» **Task goal**: Could you copy the data that follows exactly as written, but drop the pictures?

━━ Given information

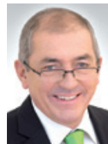
Heinz Schaden Mayor of the City of Salzburg
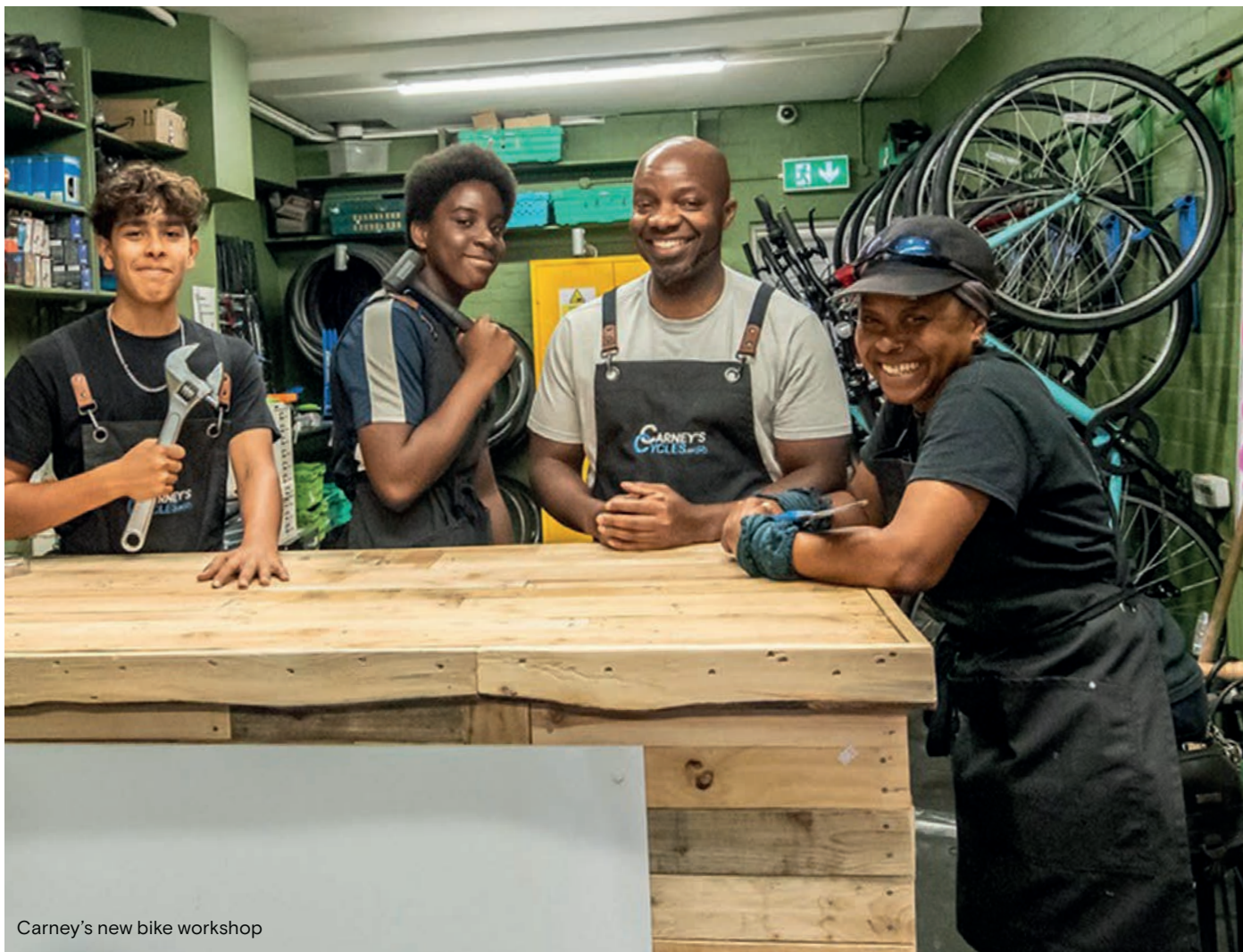
Carney's new bike workshop
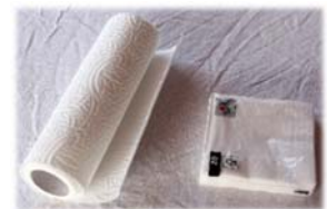
5. Prepare the paper or towel

━━━━

» **Answer to this problem**:
Heinz Schaden Mayor of the City of Salzburg
Carney's new bike workshop
5. Prepare the paper or towel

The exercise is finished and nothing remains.